It is further contemplated that nearly all of the inner surfaces of the housing 212 of the process chamber 210 as well as any outer surfaces of the inner housing 222 of the process source, which may come into direct contact with the plasma to be generated, are protected by interchangeable metal sheets or cover plates. These can be exchanged relatively quickly at regular intervals and cleaned independently of the operation of the substrate processing device 10, whereby the service life occurring for the cleaning of the process chambers 210, 310, 410, 510 can be reduced to a minimum. As further shown in FIG. 5, individual electrical contacting units 250, 252 are provided on both sides of the process source 220 at the transverse inner sides of the housing 212 of the process chamber 210, which project inwardly from the respective chamber inner wall. Those contacting units 250, 252 are electrically contactable with the respective substrate carrier 30, 32 in order to apply an RF bias voltage to the substrates 40, 41, 42, 43, 44, 46 to be subjected to the surface treatment process. As a result, for example, a plasma coating process can be accelerated and improved qualitatively.

Since the actual surface treatment process proceeds statically, that is to say without relative movement between substrate 40, 41, 42, 43, 44, 46 and process source 220, an electrical contact between contacting unit 250 and substrate carrier 30 and between the surface is in each case before a start of the surface treatment process make electrical contacting unit 252 and the substrate support 32 and after the completion of the surface treatment process and before further transport of the substrate support 30, 32 in the transport direction T again. This electrical contacting and separation can be done fully automatically. The contacting units 250, 252 may each have a movable contact pin, which is adjustable or movable for electrical contacting with the substrate carrier substantially perpendicular to the plane of the substrate carrier 30, 32.
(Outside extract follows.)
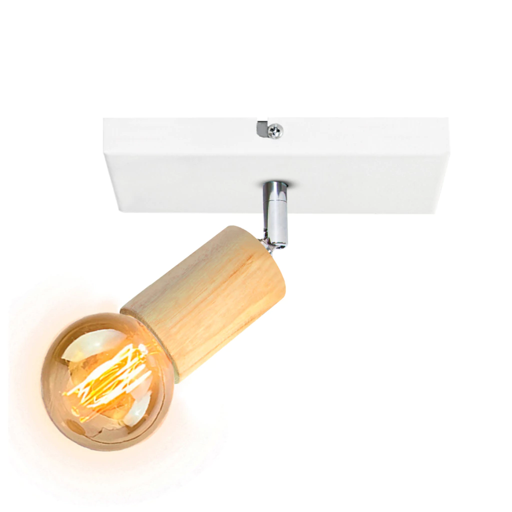 Aplique 1 Luz Spot Movil Madera Base Rectangular E27 Led

3, the transport paths P1, P2 each extend in an aligned and rectilinear manner through all the process modules 200, 300, 400 as well as through the respective lock modules 100, 600 and the loading and unloading stations 60 in the transport direction. 62nd

The unloading station 62 is constructed analogously to the loading station 60. However, here between the transport paths P1, P2 optionally a blower unit can be located, from which air filtered on both sides can be blown onto the substrate carriers 30, 32. In this way, the substrate carriers 30, 32 and the substrates 40, 41, 42, 43, 44, 46 arranged thereon can be cooled to temperatures which allow further problem-free handling of the substrates 40, 41, 42, 43, 44, 46 enable.
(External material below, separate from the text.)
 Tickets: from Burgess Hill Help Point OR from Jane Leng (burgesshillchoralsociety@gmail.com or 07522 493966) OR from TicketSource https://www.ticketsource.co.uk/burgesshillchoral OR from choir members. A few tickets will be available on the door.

In the present exemplary embodiment, the process sources 220 are embodied purely by way of example as ICP sources. In principle, however, it is also conceivable to provide any other process source suitable for surface treatment processes, for example a capacitively coupled plasma source or a microwave-based source for generating a plasma instead of an ICP source.

The substrate processing apparatus 10 shown here is particularly suitable for coating substrates 40 having a plurality of layers and resulting partially complex layer structures or layer structures that are sometimes comparatively thick can. FIG. 8 shows a layer structure by way of example. On the substrate 40, first a layer A, then a layer B and finally a layer C is applied. The layers A and B are comparatively thin and amount to about half the thickness of the layer C.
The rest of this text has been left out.